Capital markets provide a good example, according to Gualtieri.
General Electric's stock is up slightly since the start of 2022, about six weeks, but over the past six years it has lost half its value. Conversely, Bitcoin is down from more than $64,000 per coin to about $47,000 per coin over the last three months, but over five years it's up from $1,062 per coin.
"You have to put [data] into context," Gualtieri said. "Drawing a conclusion from a trend over a particular period of time is a big mistake people can make. If you're making enterprise decisions, you need to look at [a broad] scope. Past performance is no guarantee of future results, so you have to do more analysis."
Data quality
Poor data quality is another factor that can lead to biases and bad decisions.
"'Garbage in, garbage out' still stands," Gualtieri said, referring to the longstanding tech adage GIGO.
Incomplete data, outdated data, bad data sources and query errors are ways that poor data quality can result in misinformed data-driven decision-making.
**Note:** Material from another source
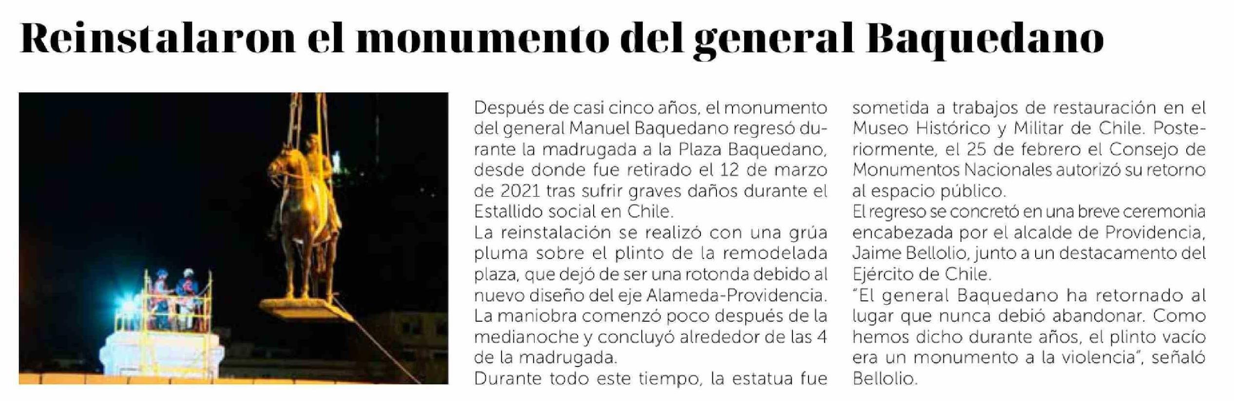 Reinstalaron el monumento del general Baquedano 11-03-2026 La Discusión |

An example of the use of incomplete data occurred in 2016 when nearly everyone predicting the 2016 U.S. presidential election expected Hillary Clinton to win. Incomplete data, however, resulted in a total misreading of what was to come on Election Day.
What happened was over-reliance on polls biased by who was polled and when they were polled that predicted a Clinton victory when additional data sources might have revealed a different outcome.
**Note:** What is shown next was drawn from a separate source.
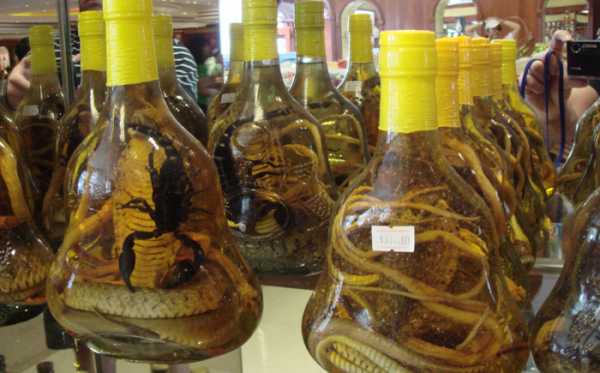 В даному випадку точно не можна сказати, що напій не містить заявлених інгредієнтів. Їх дійсно настоюють на поміщених на декілька місяців у пляшку з рисовим вином чи іншим алкогольним зерновим напоєм гадюках та скорпіонах, ферменти яких роблять свою справу, та напої набувають специфічних особливостей. Вважається, що таке вино покращує здоров'я, тому у традиційній китайській медицині застосовується як ліки. Такі напої можливо придбати також у В'єтнамі, південно-східній Азії та інтернеті.

"There was incomplete data," Gualtieri said. "[Prognosticators] didn't have the right data. There were some missing variables that people could not see. From an enterprise standpoint, the same thing can happen. You can have all kinds of data pointing in one direction, but if you don't have the complete set of data with all the missing variables, you're not going to get there."
Outdated data can come in the form of model drift, which refers to data models that decay over time because they haven't been maintained and retrained as new data becomes available. Meanwhile, the use of bad data sources can result from such things as blind faith in an author, and query errors are simply coding mistakes made when querying data that can lead to the use of the wrong data.
Overcoming pitfalls
Key to overcoming the cognitive biases that can derail data-driven decision-making is a strong data governance framework.
Data governance can address potential pitfalls, eliminating many instances of using bad data, limited past performance windows and fictitious corollaries.
"You can use business intelligence to actually overcome built-in cognitive biases," Gualtieri said.
Self-awareness, however, is also crucial. By being aware of the various cognitive biases that can arise, organizations can diagnose them as they creep in.
"We all have cognitive biases -- we're all susceptible to them," Gualtieri said. "A lot of the ways we can overcome them and find truth in data is by recognizing our cognitive biases."